Shares of UP Fintech Holding (NASDAQ:TIGR) dipped 25.4% in March, according to data from S&P Global Market Intelligence. The stock lost ground despite a strong quarterly report and favorable analyst coverage.
UP Fintech operates Tiger Brokers, a Hong Kong-based online equities trading platform that has been gaining popularity in China. The company’s share price has skyrocketed over the last year thanks to encouraging user addition and engagement trends, but the stock pulled back amid a broader sell-off for growth-dependent technology stocks in March.
Despite last month’s sell-off, news was generally positive for UP Fintech. CICC analyst Zeyu Yao published a note initiating coverage on UP Fintech on March 4, giving the stock an outperform rating and putting a one-year price target of $30.60 per share (it closed at just under $17.60 last week). Yao sees the fintech’s relatively low commissions and high-quality user experience helping the company increase its market share.
UP Fintech also posted strong performance when it reported its fourth-quarter results on March 26. The company’s sales climbed 136.5% year over year to reach $47.2 million in the quarter, and the company’s adjusted net income for the period hit $10.3 million, nearly 30 times what it recorded in the prior-year quarter and working out to adjusted per share earnings of $0.07. The average analyst estimate had called for sales of roughly $41.2 million and earnings of $0.04 per share.
UP Fintech stock dipped a bit early in April’s trading. The company’s share price has fallen roughly 0.7% in the month so far.
Its valuation remains highly growth-dependent, but its Tiger Brokers platform appears to be gaining traction at an impressive clip.

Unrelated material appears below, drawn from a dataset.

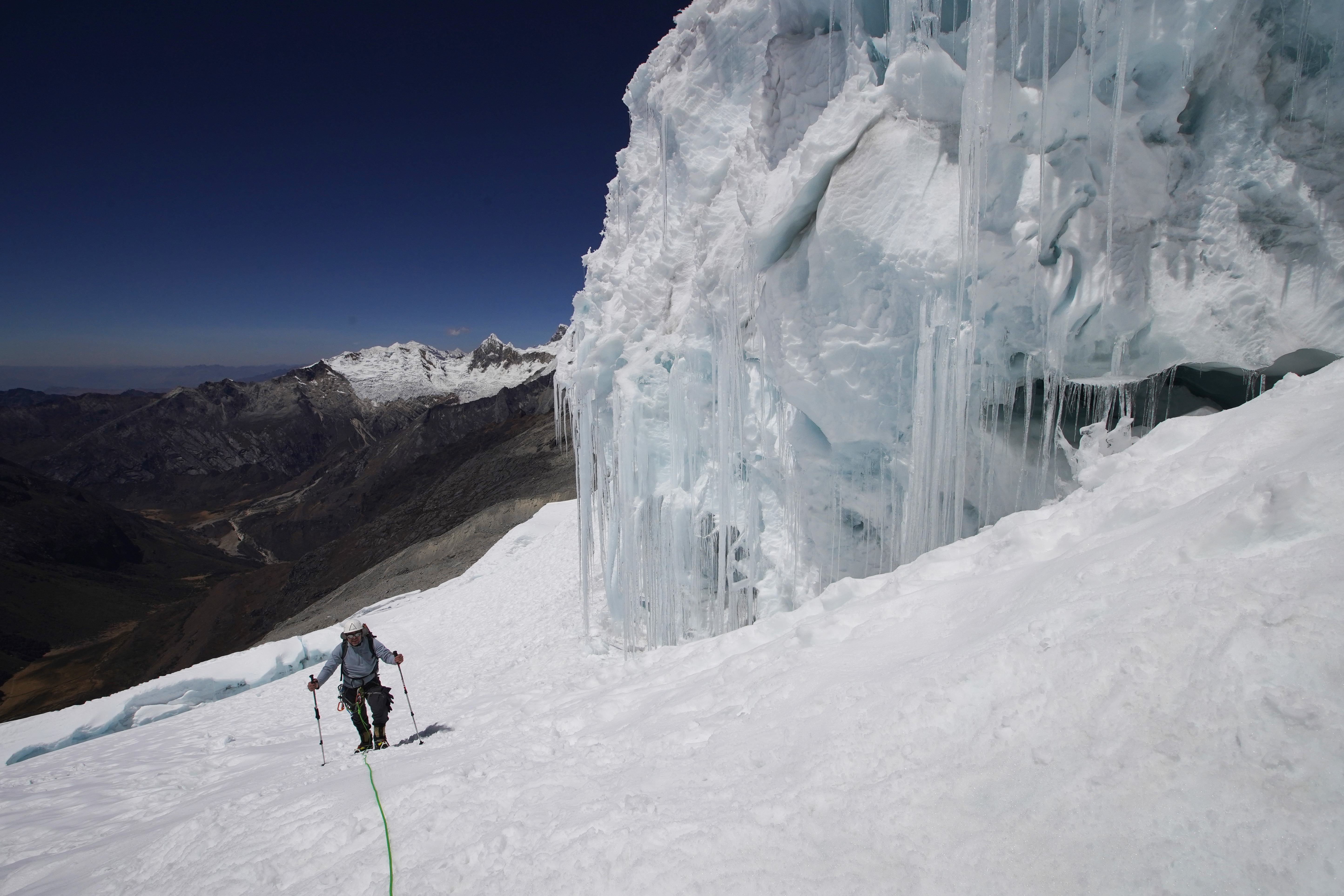 Quizás sea que con las grietas y la dudosa calidad de los puentes restantes esté asociada la principal dificultad y peligro de escalar la Cordillera Blanca en esta temporada.

The company managed to add 44,000 new, funded accounts in the quarter, roughly 3.9 times higher than its user-addition figure in the fourth quarter of 2019. This year, UP Fintech expects that it will add 344,000 new paying members to its platform.
The company has a market capitalization of $2.5 billion and is valued at approximately 9.7 times this year’s expected sales and 56.7 times expected earnings.